Moore as Farrakhan. Yep, that’s about right. And Raspberry thinks of this as a good thing? My fisking of his column can be found here.

MOORE AND GIBSON: Some more thoughts on the Gibson/Moore parallels. It occurred to me as I witnessed the unanimity in the audience watching “Fahrenheit 9/11” that I had been in a similar situation before. Yes – this was exactly what it felt like at an early showing of Mel Gibson’s “The Passion of the Christ.” Both movies were designed for people who already held – as theological certitude – the basic line of the work. Both used the most egregious devices of propaganda to reinforce this point. Gibson used extreme and constant violence – as if to say that recoiling from that horror was proof that his vision of Christianity was correct. The loving camera shots of pure pornographic pain and gore were devices to end thought, short-cut any audience autonomy, and reinforce orthodoxy. And that was Moore’s device as well. The long views of the faces of various villains; the camera edits to create menace; the emotional manipulation of a bereaved mother; the swelling, ominous orchestral swoops. All we didn’t have was a Pieta scene. One was designed for the unthinking hordes of the far right; the other for the unthinking hordes of the far left. Both were deeply depressing indicators of how far our culture has curdled into unthought and emotional extremism. Neither sought to convert or explain or persuade. Both were designed to bludgeon the viewer into ideological conformity. And if you resist? You are a heretic or a dupe. Whatever happened to “intelligent viewer”?

THE TRIB’S LAME REASONING

Try not to gag as you read the Chicago Tribune’s pompous defense of outing seamy details of Jack Ryan’s sex life. (The site is registered, alas. But it’s free.) The argument is: all court records should be open to the public, even divorces; there could have been something in those files that voters might consider pertinent to Ryan’s ability to serve in public office; and, “because we could.” Here’s a particularly loathesome sentiment:

Voters need information about the views, background and character of the people they elect to office. Voters can’t make informed decisions about a candidate’s positions or character without such information.
That’s why, as part of their coverage of candidates for political office, reporters seek a wide range of documents and opinions to help voters understand the candidates.
Case in point: the once-sealed divorce files of former Democratic U.S. Senate candidate Blair Hull. After the Tribune reported that Hull’s ex-wife had sought an order of protection against him during their divorce proceedings, Hull relented to the release of his divorce documents.
Many voters took into account the revelations in those documents that his ex-wife said he had struck her and threatened her. Hull was leading the field before he released the file. He finished third in the primary in March.
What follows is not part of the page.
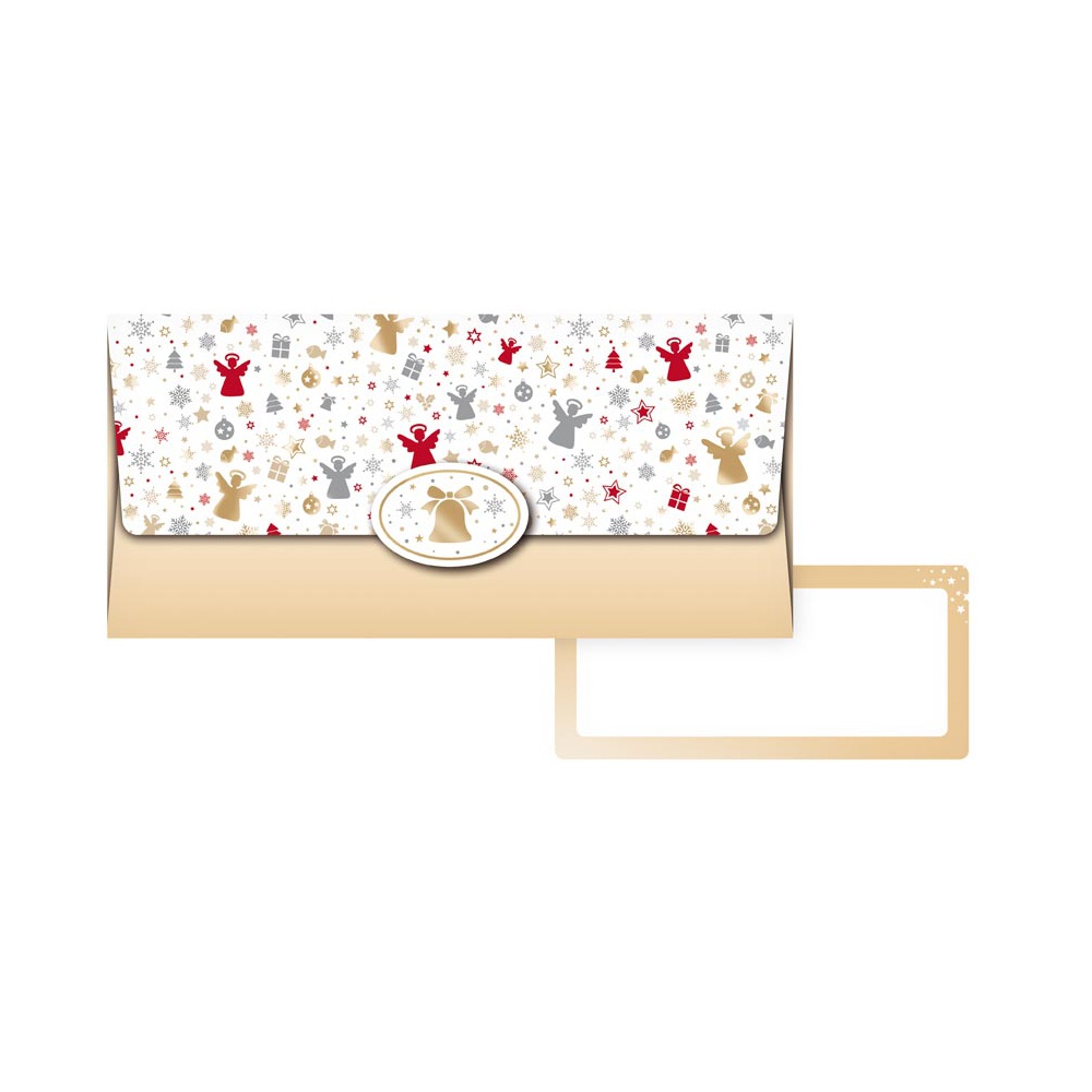 Dárková obálka na peníze s vánočním motivem a uzavíratelnou klopou.
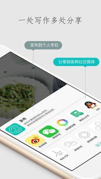 3、支持朋友圈、微博等社交分享,还能进行长图制作、PDF导出、微信公众号同步、印象笔记及豆瓣日记分享,真正实现“一处写作,多处分享”;

So taking a wife to a sex club is now equivalent to beating her? You’ll notice not one word in the editorial about something called privacy. The very concept doesn’t exist for the Trib editors. Well, one response to this would be to investigate the private married lives of journalists and editors at the Chicago Tribune. Readers could call them up and ask them about their sex lives. They hold a public trust. Shouldn’t the public have a right to know if the editor or reporter had some difficulties in his marriage years ago? The next time the Trib’s editor appears in public for questioning, he should be asked whether he has ever committed adultery. Why not? The stunning aspect of the Tribune’s self-defense is that it admits that it was on a fishing expedition. They had no reason to believe that there was anything in a sealed divorce document that could be in any way related to someone’s ability to hold public office – except, of course, something privately embarrassing. Well, they got their scalp. On to the next one.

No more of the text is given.